When Layla’s symptoms began on Halloween, Richman took her to an urgent care clinic in their hometown of Newport News, Virginia.
“Her heart rate was elevated. Her fever was very high. They kept her there for most of the afternoon to observe her,” Richman said. “I explained to the doctor that was there that I have lost a 3-year-old daughter to the flu, so this was very scary for me.
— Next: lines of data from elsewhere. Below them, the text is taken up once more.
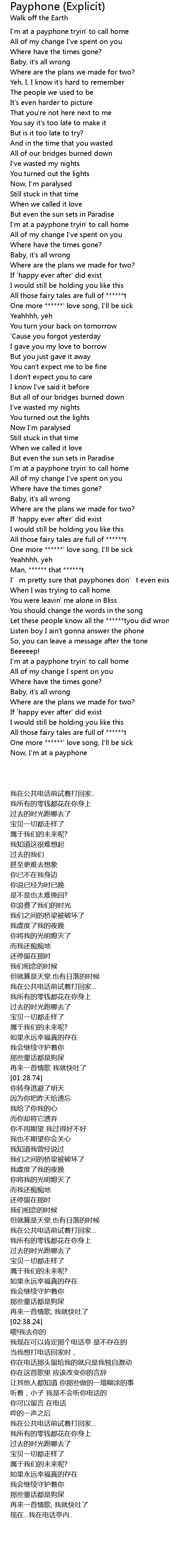 | Song | Payphone (Explicit) |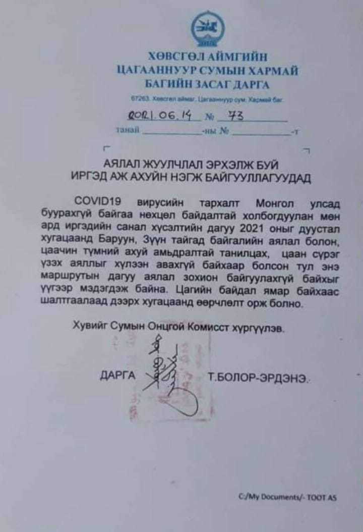 Манай улсад коронавирусийн нөхцөл байдал улам хүндэрч, шинээр батлагдах тохиолдлын тоо нэмэгдсээр байна. Мөн нас баралт буурахгүй буй. Үүнээс үүдэн Хөвсгөл аймгийн Цагааннуур сумын Засаг дарга Хармай багийн Засаг дарга Т.Болор-Эрдэнэ шийдвэр гаргажээ. Ингэхдээ 2021 оныг дуустал Баруун, зүүн тайгад аялагч, жуулчдыг хүлээн авахгүйгээ мэдэгдэв.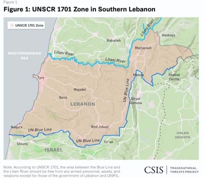 根据2006年联合国安理会的第1701号决议,在利塔尼河南岸到“蓝线”之间的区域内,只有黎巴嫩政府能部署武装人员和武器,联黎部队负责在该地区监督停火。但该决议并没有完全执行,黎巴嫩真主党继续在利塔尼河以南地区设军事据点,以色列则频繁向该地区派无人机和战机。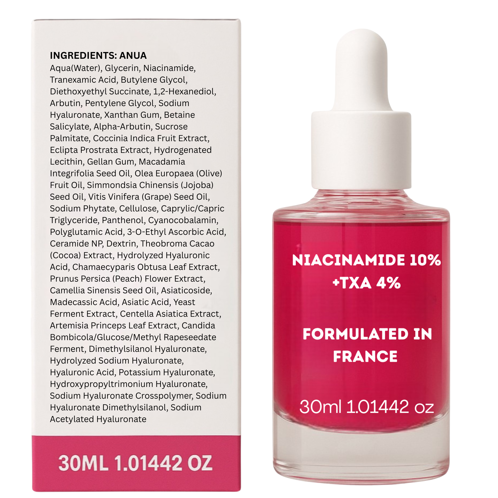 Packed with 10% Niacinamide, 4% Tranexamic Acid, and 2% Arbutin, this serum tackles dull skin and large pores like a pro. Gentle yet effective, it’s boosted with Ceramides and Hyaluronic Acid to repair, soothe, and hydrate, making it perfect for daily use, morning or night. Its lightweight, non-greasy texture absorbs quickly, with a natural pink hue that adds a touch of charm to your routine.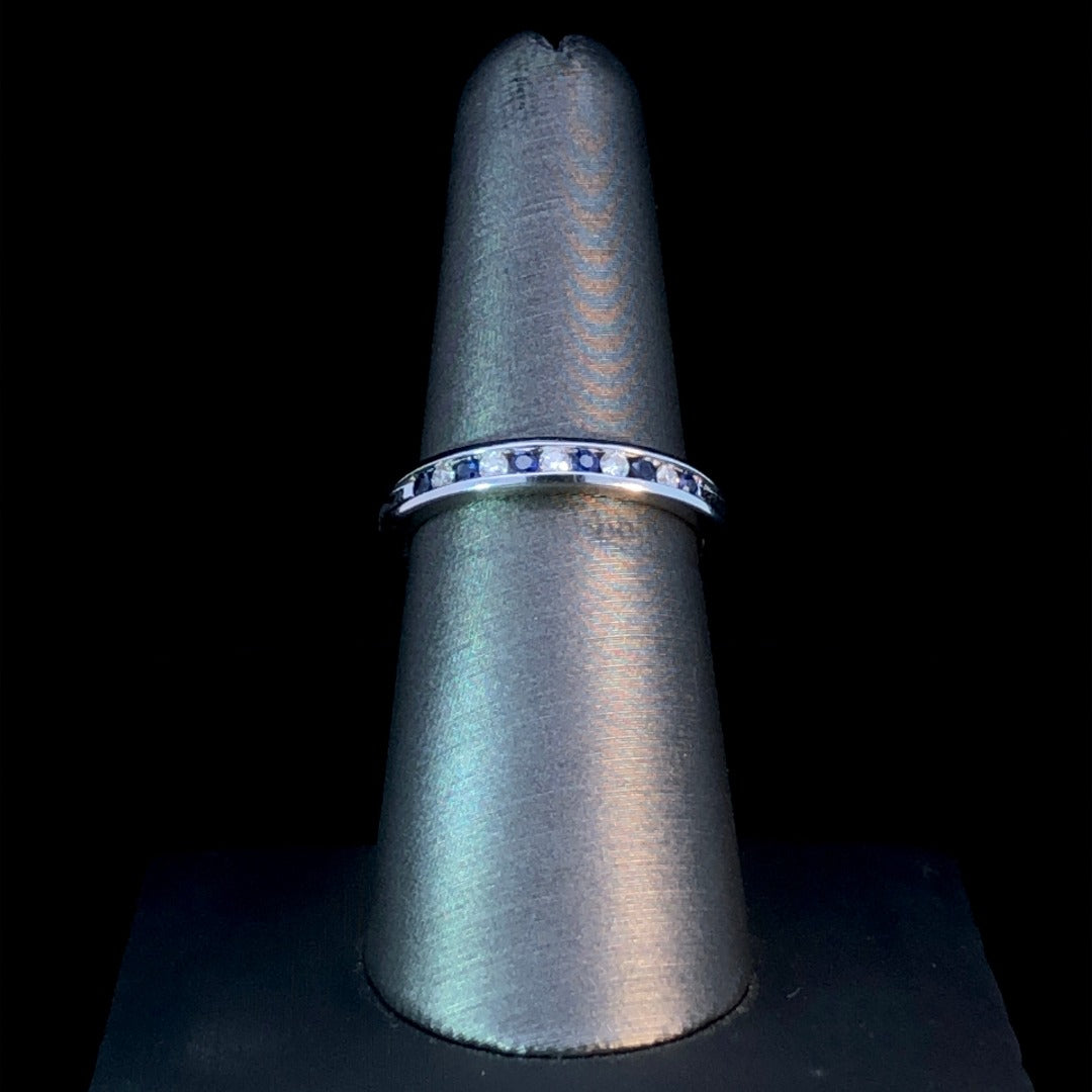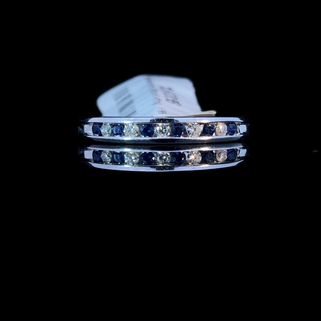 This exquisite 14kt white gold band exudes a subtle sophistication with its alternating pattern of round diamonds and sapphires, totaling .20ctw. An ideal choice for adding a spark of color while still maintaining a timeless elegance. This ring is a size 7. If that size is not a perfect fit, first time sizing is free at the time of purchase.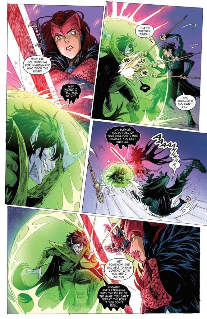 The story has great team-up potential as Nico eventually runs into Wanda Maximoff, the Scarlet Witch, who is Billy Kaplan’s mother. If you know Wanda, you know her magic operates on chaos, which is a total blast when she has to deal with Nightmare, Lord of Fear. They get pulled into a parallel dimension that was created when Nico, her girlfriend Karolina Dean, Billy Kaplan, and his husband Teddy Altman started playing a cursed role-playing game.
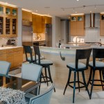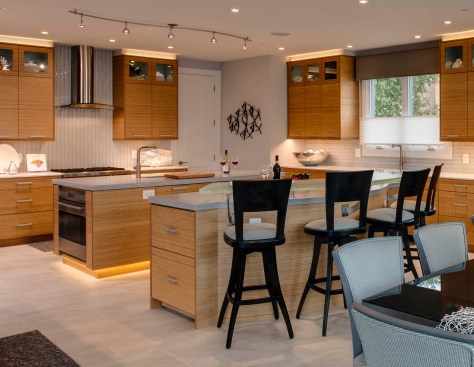 -8 ½’ tall cabinets were used with a row of glass doors along the top which left enough room for a trim board with concealed accent lighting just below the 9’ ceiling. Toe kick lighting around the islands adds to the effect.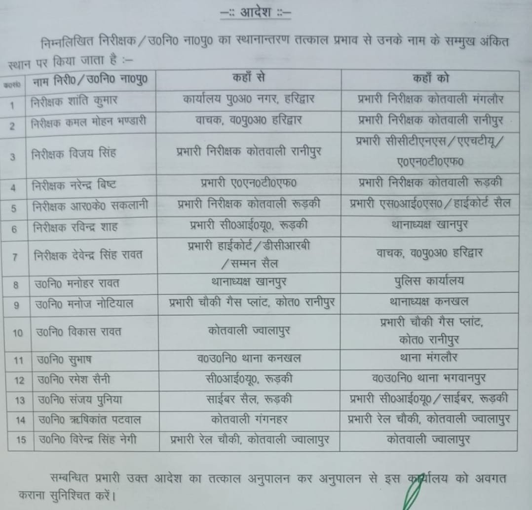 एसएसपी प्रमेन्द्र डोबाल ने 07 निरीक्षक और आठ सब इंस्पेक्टरो के किये स्थानान्तरण, देखें सूचि by zerogroundnews September 5, 2024 written by zerogroundnews September 5, 2024 Share 0FacebookTwitterPinterestWhatsappहरिद्वार : एसएसपी प्रमेन्द्र डोबाल ने 07 निरीक्षक और आठ सब इंस्पेक्टरो के किये स्थानान्तरण, देखें सूचि Share 0 FacebookTwitterPinterestWhatsapp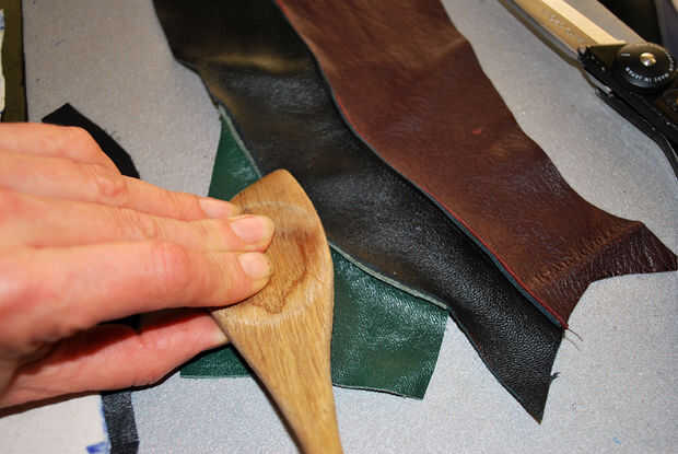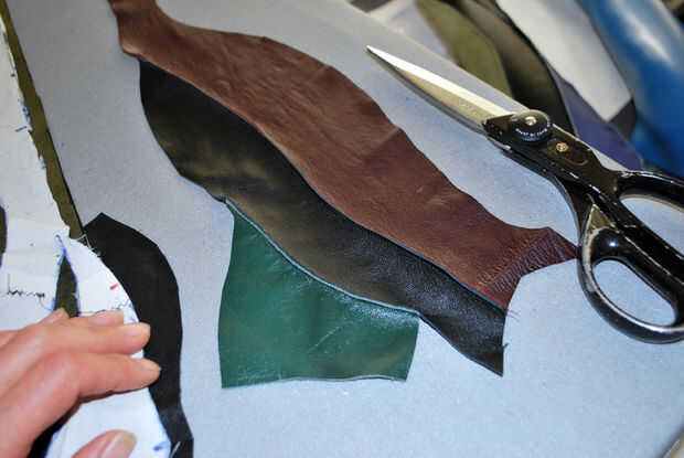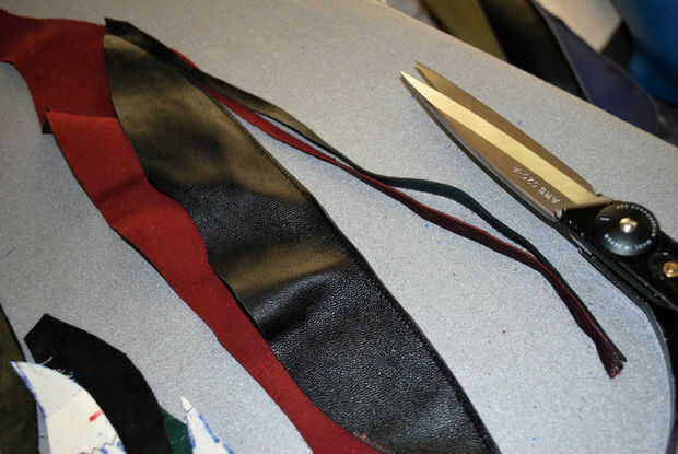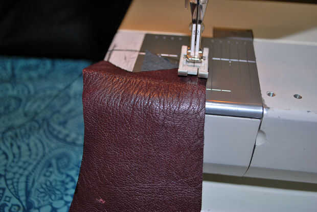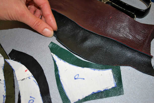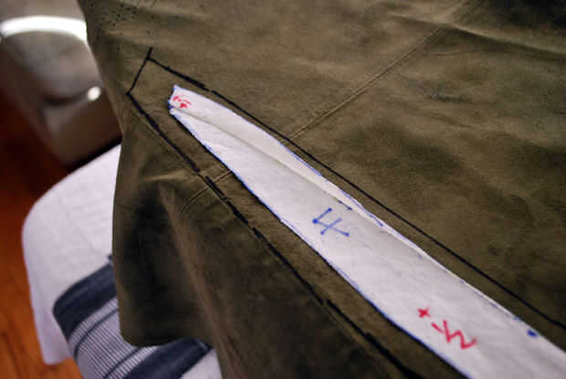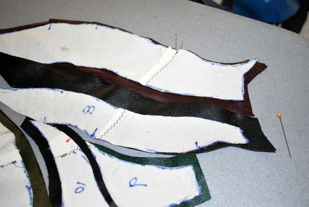 Cortar piezas 6-10, añadir márgenes adicionales como se indica. En los bordes sin anotaciones, añadí mi margen de costura de 1/4 estándar ". En orden, pieza 7 fue corte de los pantalones de capri suede verde oliva que desmantelaron en el tutorial pasado. Pieza 10 provenía de chatarra rock & roll cuero, pieza 9 de cuero verde remanente, pieza 8 de viejos pantalones de cuero y pieza 6 desde la blazer marrón. Puse 6 pieza sobre pieza 8 en las marcas de la ranura apropiada y suturan en la máquina de coser con una puntada recta y un margen de costura de 1/4". Había recortado la costura a una escasa 1/8" y pruebe la colocación de los patrones sobre la piel. Encajan bien, así que cubrió las piezas del patrón a la Junta y se trasladó a la siguiente pieza.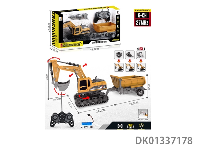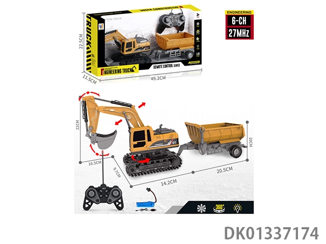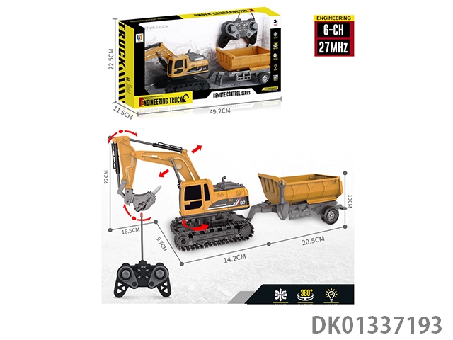 27Mhz 6-way 1:22 action sound effect excavator remote control engineering vehicle (with trailer) (including electricity)

He really took that to heart.”
Layla’s medical team diagnosed her with influenza and gave her Motrin for her fever and the antiviral Tamiflu to treat the infection.
“She felt better fairly quickly, within 24 hours,” Richman said.
Richman’s experience during this flu season was dramatically different than in 2014, when she lost her beloved Cayden.
One key difference: Cayden was unvaccinated in 2014. Layla got her vaccine in September.
“I really think that the vaccine played a big role,” said Richman, who serves as secretary for the nonprofit Families Fighting Flu.
Even though Layla became sick when she encountered the flu virus weeks after vaccination, “she recovered quickly,” Richman said, adding that no one else in their household – which also includes her husband, Matt, and their 6-year-old son, Parker – caught the flu from Layla.
All of them had been vaccinated before Layla’s illness.
‘No one seemed to think that this was flu’
The US Centers for Disease Control and Prevention estimates that at least 16,000 people have died of flu this season, and at least 79 deaths have been in children.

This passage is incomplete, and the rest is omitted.